Ah, but you are not acting as a reader in this regard, you are making editorial comments, which holds you to a different standard. And your statement that, "Most readers will look at that paragraph..." is original research, not an argument worthy of response. How do you know what most readers will do, and who made you their advocate? And I don't consider three sentences of background information "some elaborate discussion," particularly when there are scholarly works specifically dealing with the California missions that go to much greater lengths to detail these points. The information has been incorporated into this particle article for over six months (and some of the other sub-article as well), and no other reader has had the difficulty undertanding the connections to this material that you seem to be having. I ask again that you provide something from a published source that substantiates any of your arguments and I will gladly consider them. Mdhennessey (talk) 18:17, 21 March 2008 (UTC)
Man, can you stretch "logic" any further? "Finding" some rule that prohibits what you don't like? My statement is not original research; it's just obvious, from reading your paragraph. The only thing that land bridges and the ice ages 13,000 years ago might have to do with this is, without them, there might not have BEEN any native Americans for the Spanish to mission to. How do you know no other reader has had difficulty? Because they haven't said so? And SOME of the other sub-articles? It's in every single article on every INDIVIDUAL mission. At most, it belongs in one, main article--and I would suggest you drop the ice age/Beringia business in favor of actually making whatever point you're trying to make. Inserting it into every single one strongly suggest you have a need to say it to everyone, whether they're interested or not. 140.147.160.34 (talk) 18:57, 21 March 2008 (UTC)Stephen Kosciesza
Can you find a citation that supports your assertion that this paragraph belongs?

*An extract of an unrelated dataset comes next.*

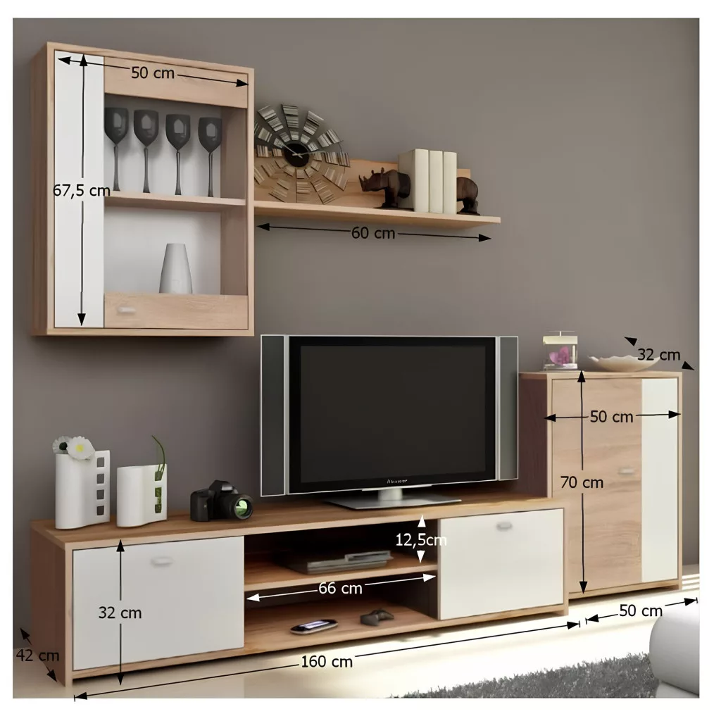 fehér és a sonoma tölgy színkombinációjával világos, szellős és barátságos hangulatot teremt. A bőséges és okosan elrendezett tárolóhelyeken kényelmesen elhelyezheted könyveidet, dísztárgyaidat és elektronikai eszközeidet, rendet tartva a legfontosabb közösségi térben.

It's obvious by your own words that you're trying to prove some kind of "point", which is against the rules. And editors are free to remove anything in an article that doesn't belong, unless you can cite reasons (other than your own opinion) that something does belong. Baseball Bugs What's up, Doc? 18:44, 21 March 2008 (UTC)
The citations are in the article; you and Stephen Kosciesza are the ones whose positions are supported soley by opinion. You removed the information from the Mission San Francisco article based solely on your own beliefs, without allowing for open discussion, simply responding with the word "gone." Furthermore, your twisting my statement about "making a point" to conform to your views does nothing to change the facts. If you are going to qoute the rules I suggest you start abiding by them. Mdhennessey (talk) 19:07, 21 March 2008 (UTC)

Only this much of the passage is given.